Konzert im GloriaTom Misch zwischen Hip-Hop, Jazz und Lagerfeuermusik
Köln – Es passiert etwas Seltsames in diesen Momenten, in denen Fans vor der Bühne auf den Beginn eines Konzerts warten. Selten vergeht die Zeit so langsam, wie in den Sekunden, in denen sich die erste Welle aus Applaus und Zurufen aufbaut — von der ersten Reihe, die die auf die Bühne steigenden Musiker entdeckt hat, bis hin zum Ausgang der Location, wo die letzten Nachzügler mit der Taschenlampenfunktion ihrer Smartphones versuchen, sich einen sicheren Weg in die Menge zu bahnen.
Raus aus dem Gloria
Als Tom Mischs Gitarre im Gloria zum ersten Mal verzerrt aufschreit und der Drummer die Show mit einem markerschütternden Beat á la J-Dilla eröffnet, bricht der Zauber und aus der wartenden Masse wird ein kopfnickender und euphorisch tanzender Pulk. Die anderthalbstündige Live-Show wirkt wie ein gut inszenierter Film. Nicht zu lang, nicht zu kurz und niemals ohne Spannung.

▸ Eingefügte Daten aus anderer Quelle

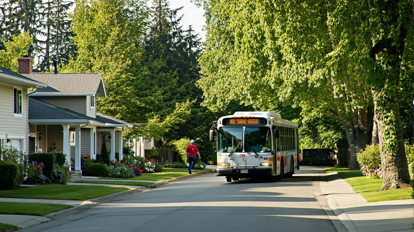 Public transit on a residential street in Battle Ground, Washington.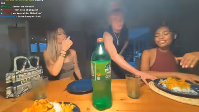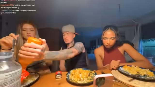 00:00:08Der Kochstream beginnt auf Twitch. Kony begrüßt seine Zuschauer und stellt die beiden Gäste Sydney und Paula vor, die aus Münster stammen. Er betont, dass die beiden normal Frauen sind und nichts mit Onlyfans zu tun haben, und fordert den Chat auf, mit Ws für die Frauen zu spammen. Streamer Kony äußert seine Freude, dass der Stream trotz anfänglicher technischer Probleme mit dem Internet starten konnte. Währenddessen interagiert er mit seinen Gästen, die sich entspannt und authentisch zeigen.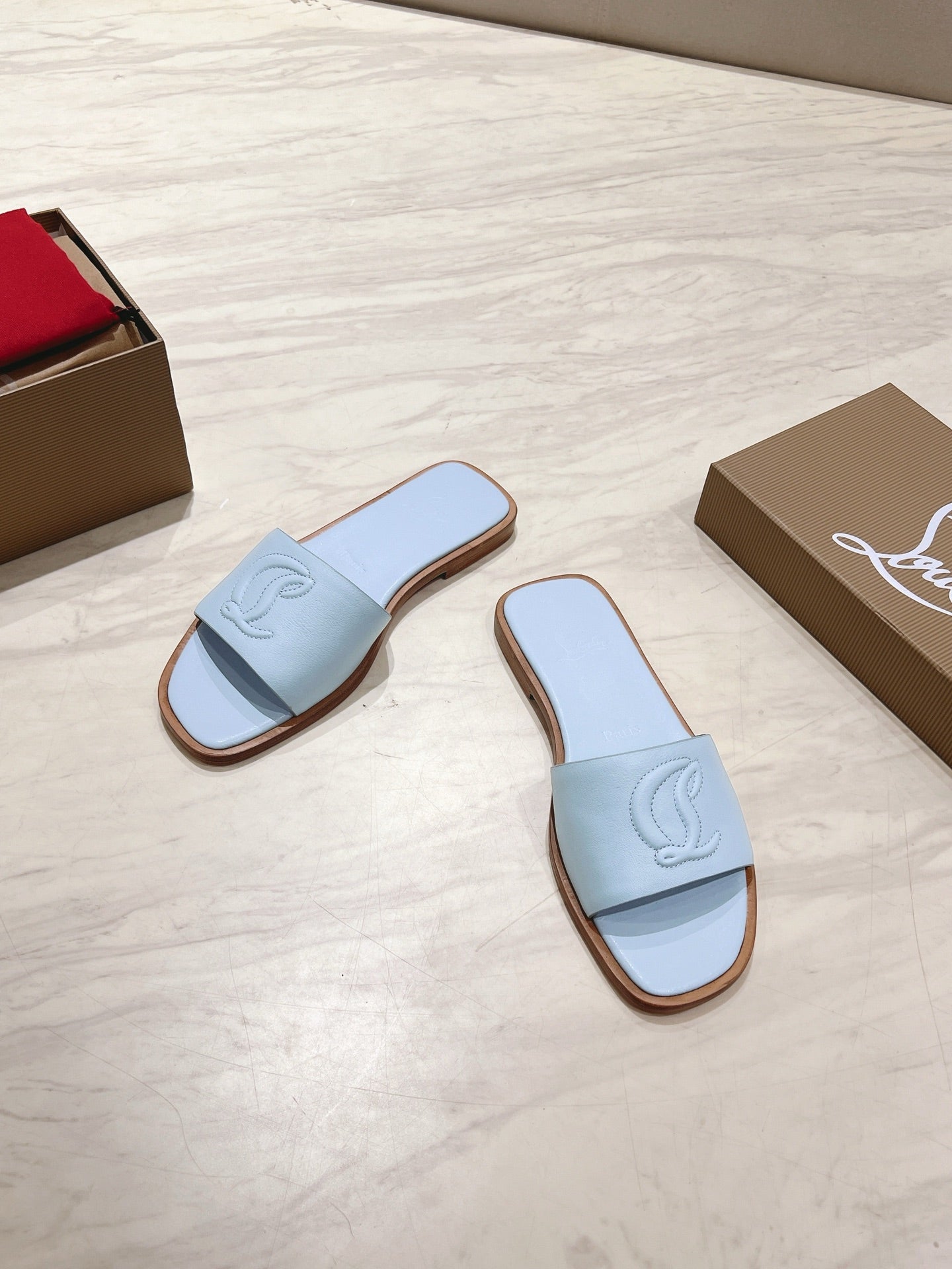 CL 25 Slippers Blue Top Layer High Gloss Calfskin 307499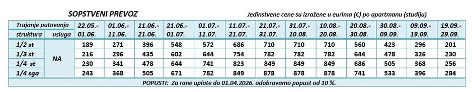 Napomena: Klima je uključena u cenu (osim za last minute ponude)!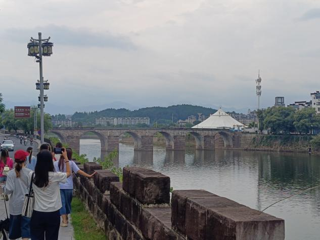 傍晚,大家一起动身前往屯溪老街。屯溪老街包括1条直街、3条横街和18条小巷,由不同年代建成的300余幢徽派建筑构成的整个街巷,呈鱼骨架形分布,西部狭窄、东部较宽。因屯溪老街坐落在横江、率水和新安江三江汇流之处,所以又被称为流动的”清明上河图"。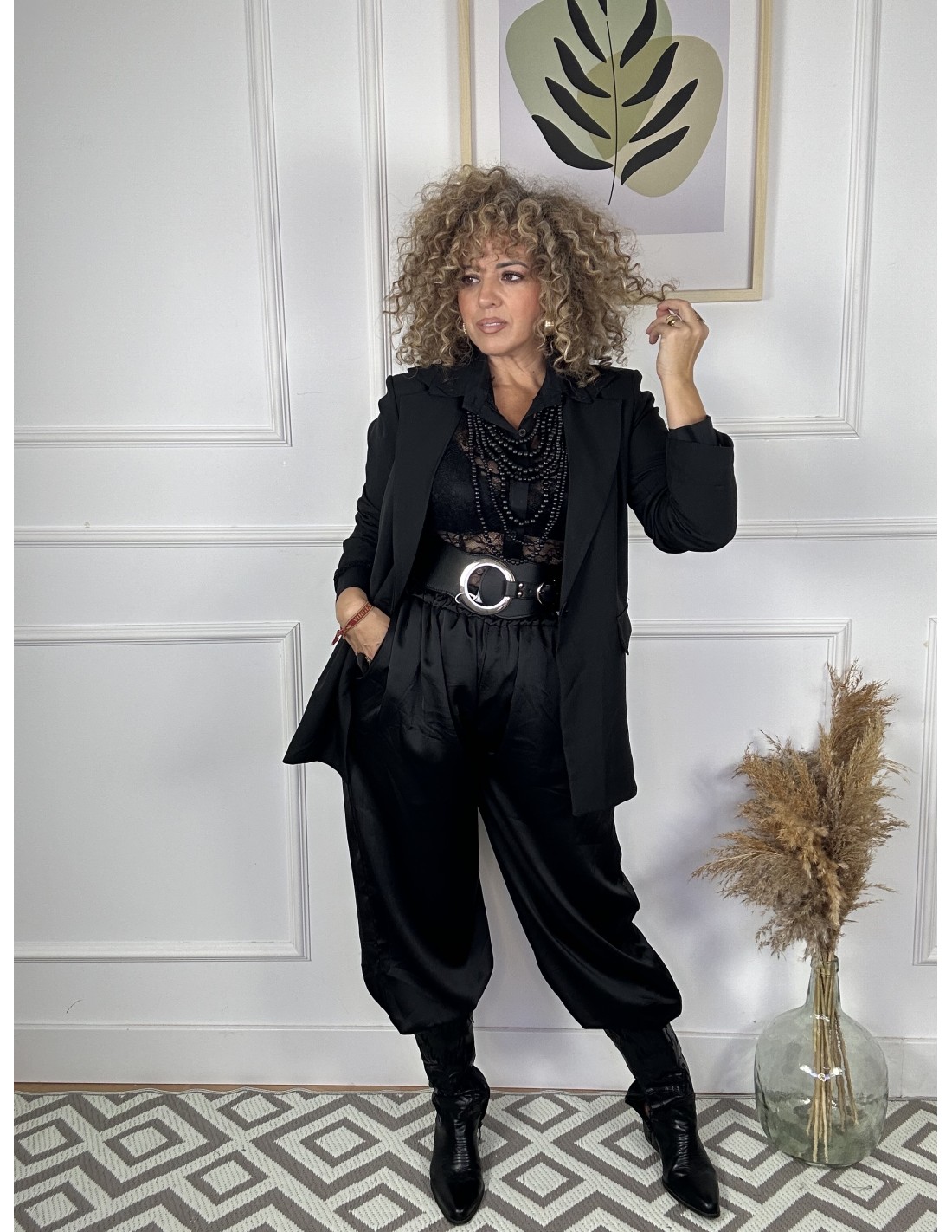 El interior está forrado en un tono beige satinado, asegurando un ajuste cómodo y pulido. En conjunto, es una prenda versátil, sofisticada y fácil de combinar, perfecta para crear tanto conjuntos formales como estilos más casuales con un toque chic.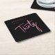 Custom 30th birthday paper coasters with pink script text on black background, perfect for thirtieth birthday party celebrations. Customise with your own name. Colours can be edited in the design tool. Please use the message me button below for help with further customisation and special requests. © Zoe Chapman Design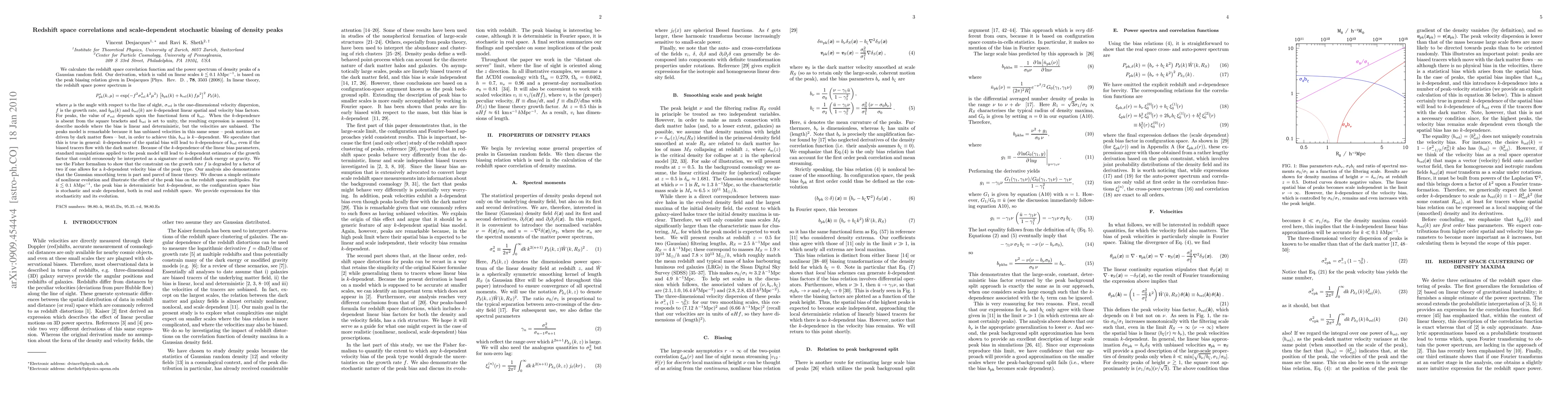 Researchers calculate redshift space correlations for Gaussian random fields, finding that k-dependent spatial bias leads to stochastic and scale-dependent density peak distributions.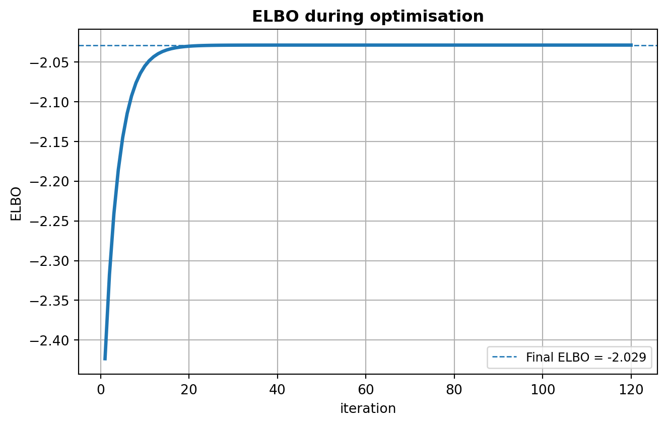 ax.set_title("ELBO during optimisation", fontweight="bold")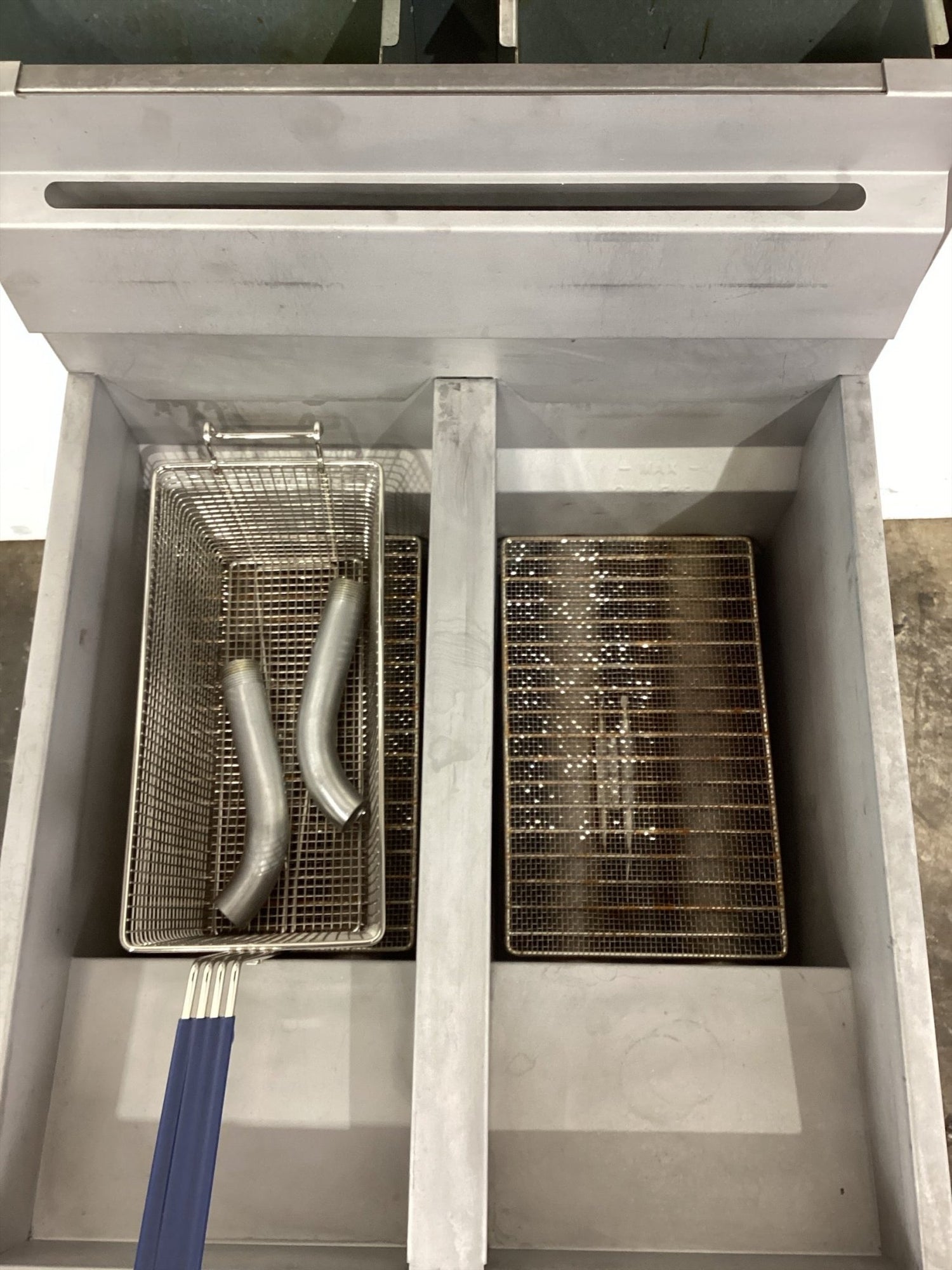 Split Pan Fryer. Features Split Pan, 110Mj/hr, 2 Baskets, 17.5L Capacity Per Pan, Basket Holder, 2 Fish Plates, Drainage Spout, Adjustable Feet, Flame Failure Valve, S/S Finish, Scratches, Internal Regulator, L.P.G,535mmW x 770mmD x 1330mmH, 50KG

Die Songs gehen nahtlos ineinander über und die kuriose Mischung aus Keyboard, Geige, E-Gitarre, Schlagzeug und der hypnotisierenden Stimme Mischs transportieren das Publikum weit weg. Raus aus dem Gloria, raus aus Köln. Hinein in eine eigene Welt, die für jeden Fan anders auszusehen scheint. Manch einer steht kopfnickend an der Theke, andere springen hysterisch vor der Bühne auf und ab, und wieder andere sitzen auf den Stufen des Theaters und wippen mit geschlossenen Augen zu den Melodien. Es scheint, als wäre in diesem Moment jeder für sich und doch alle zusammen.
Hip-Hop meets Jazz meets Soul meets Lagerfeuermusik
Sein erstes Beat-Mixtape veröffentlichte Misch schon 2014 – im Alter von gerade mal 18 Jahren. Nur ein Jahr später folgte das zweite. Die Fanbase wuchs, und mit ihr der Wunsch nach einem kompletten Album. Mittlerweile tourt der Brite durch Europa und Amerika und seine Anhänger feiern den Multiinstrumentalisten für seine atmosphärischen Live-Shows. Die Show im Gloria Theater in Köln ist hier keine Ausnahme.
Das Highlight des Abends ist der Auftritt von Mischs Schwestern Laura und Polly. Während Laura ihren Bruder auf dem Saxophon begleitet, ist der Einsatz ihrer Schwester geradezu außergewöhnlich. Polly Misch kommt lediglich für den Song „Movie“ auf die Bühne, den sie schauspielerisch mit einem Monolog einleitet, der einem Liebesfilm der 50er Jahre entnommen sein könnte. Das Publikum ist derart begeistert, eine so simple und doch wirkungsvolle Interpretation eines Intros zu sehen, dass es plötzlich still wird. So still, dass nur die zerbrechliche Stimme von Polly Misch den Raum füllt.
Braucht das Konzert die schauspielerische Einlage? Nein. Aber sie passt ins grenzüberschreitende Konzept des Künstlers. Smooth-Jazz mit live gespielten Hip-Hop-Beats und Singer-Songwriter-Flair zu mischen, mag gewöhnungsbedürftig klingen und eingefleischte Fans von klassischem Jazz werden bei dieser Art der Interpretation wohl eher die Nase rümpfen. Aber für Mischs Fans ist es genau diese scheinbar widersprüchliche Mischung, die das Ausnahmetalent ausmacht.